_Task_: Once the line holding "4.完成上方顾客的订单。" is found, output it and all remaining lines of the data exactly, with every picture left out.

_Supplied information_:
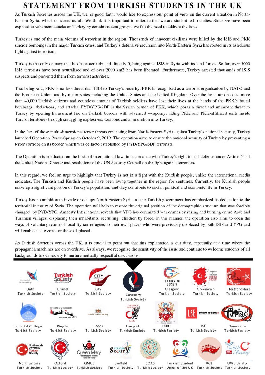 #OperationSpringPeace#TurkishAmericanStudentsUnite As Turkish students across the US, we would like to objectively express our views on the current situation in Northeastern Syria. Here is our statement:pic.twitter.com/JrN9BgiMSc
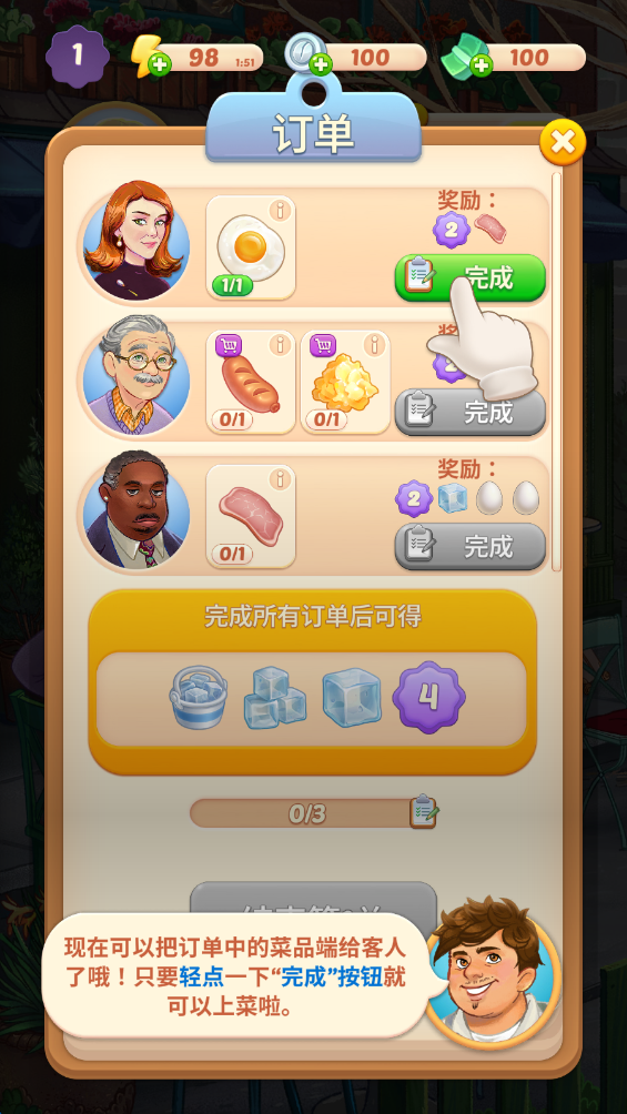 4.完成上方顾客的订单。
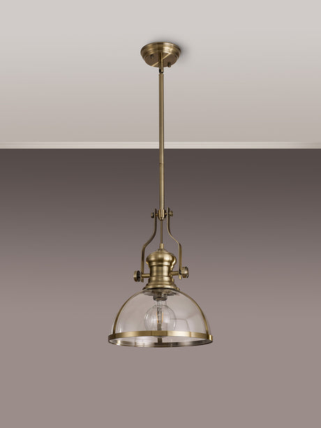 £333.33 + VAT (£400.00)Unit price /UnavailableVery low stock (7 units)Munro Pendant, 1 x E27, Antique Brass With Round 30cm Antique Brass / Clear Glass Shade

_Solution_:
 4.完成上方顾客的订单。
 £333.33 + VAT (£400.00)Unit price /UnavailableVery low stock (7 units)Munro Pendant, 1 x E27, Antique Brass With Round 30cm Antique Brass / Clear Glass Shade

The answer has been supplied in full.